In the spring, catalyzed in part by a much-linked Forbes story on the new “crypto currency,” the price exploded. From early April to the end of May, the going rate for a bitcoin rose from 86 cents to $8.89. Then, after Gawker published a story on June 1 about the currency’s popularity among online drug dealers, it more than tripled in a week, soaring to about $27. The market value of all bitcoins in circulation was approaching $130 million. A Tennessean dubbed KnightMB, who held 371,000 bitcoins, became worth more than $10 million, the richest man in the bitcoin realm. The value of those 10,000 bitcoins Hanyecz used to buy pizza had risen to $272,329. “I don’t feel bad about it,” he says. “The pizza was really good.”

Nobel Prize-winning economist Paul Krugman wrote that the currency’s tendency to fluctuate has encouraged hoarding. 

Bitcoin peaked at $29.51 a share on June 9, 2011, before crashing.
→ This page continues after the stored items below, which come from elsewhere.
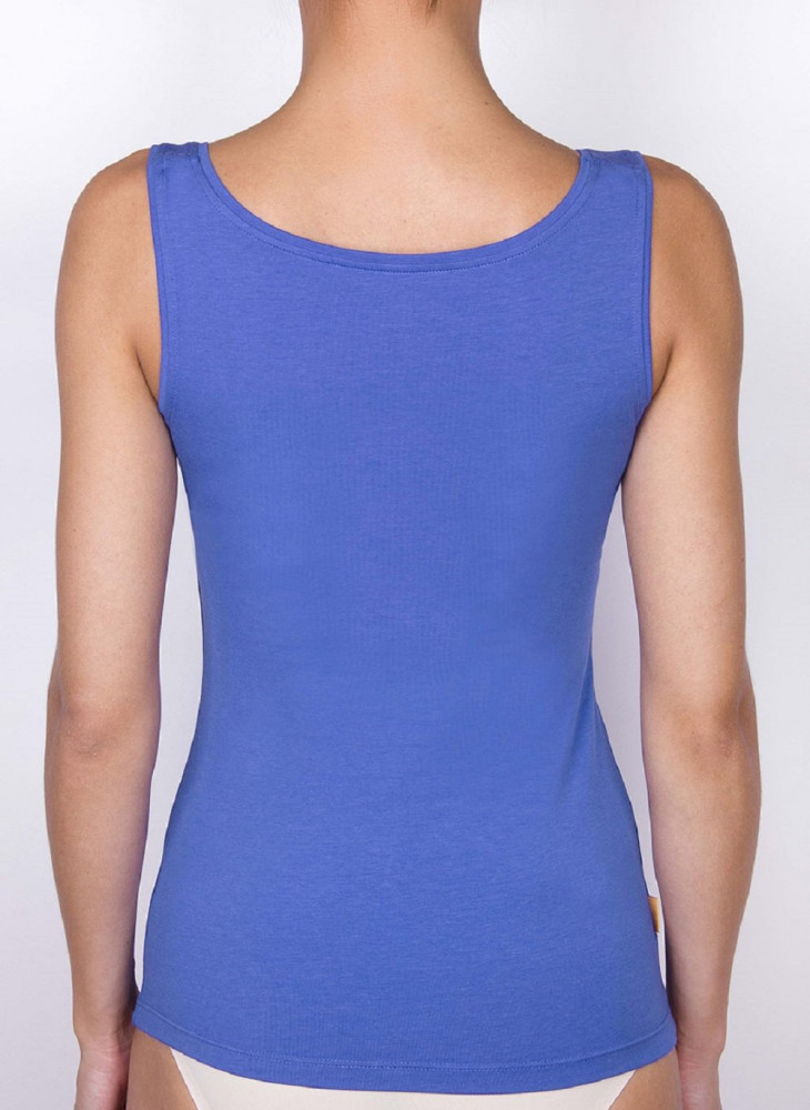 Облегающая майка, выполненная из высококачественного хлопка. Модель имеет овальный вырез горловины, срезы горловины и пройм обработаны узкой обтачкой из материала изделия, нижняя часть подвёрнута и отстрочена.
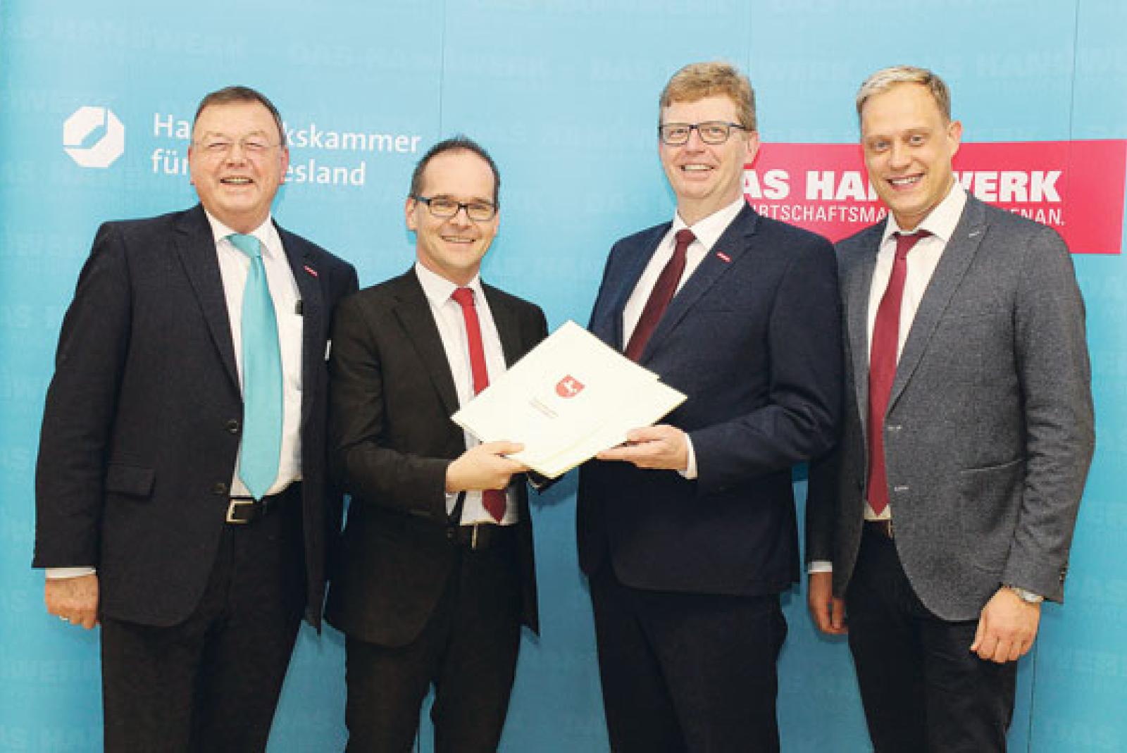 Wenige Tage vor Weihnachten hat der Niedersächsische Kultusminister Grant Hendrik Tonne ein Geschenk für das ostfriesische Handwerk ausgehändigt.
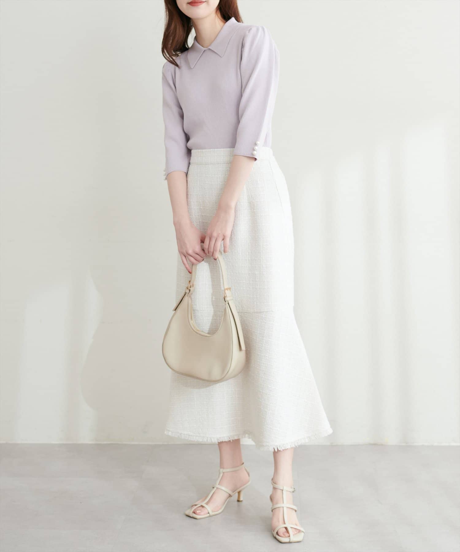 フレアやマーメイド、ナローシルエットのスカートにウエストインしてきれいめに合わせるのはもちろん、

Too bad no one who watched the crash realized Bitcoin would be worth more than $100 just two years later.

They did a postmortem on Bitcoin in October 2011:

If Nakamoto has forsaken his adherents, though, they are not prepared to let his creation die. Even as the currency’s value has continued to drop, they are still investing in the fragile economy. Wagner has advocated for it to be used by people involved in the Occupy Wall Street movement. While the gold-rush phase of mining has ended, with some miners dumping their souped-up mining rigs—”People are getting sick of the high electric bills, the heat, and the loud fans,” Garzik says—the more serious members of the community have turned to infrastructure. Mt. Gox is developing point-of-sale hardware. Other entrepreneurs are working on PayPal-like online merchant services. Two guys in Colorado have launched BitcoinDeals, an etailer offering “over 1,000,000 items.” The underworld’s use of the bitcoin has matured, too: Silk Road is now just one of many Tor-enabled back alleys, including sites like Black Market Reloaded, where self-proclaimed hit men peddle contract killings and assassinations.

Rumors of Bitcoin's demise were greatly exaggerated.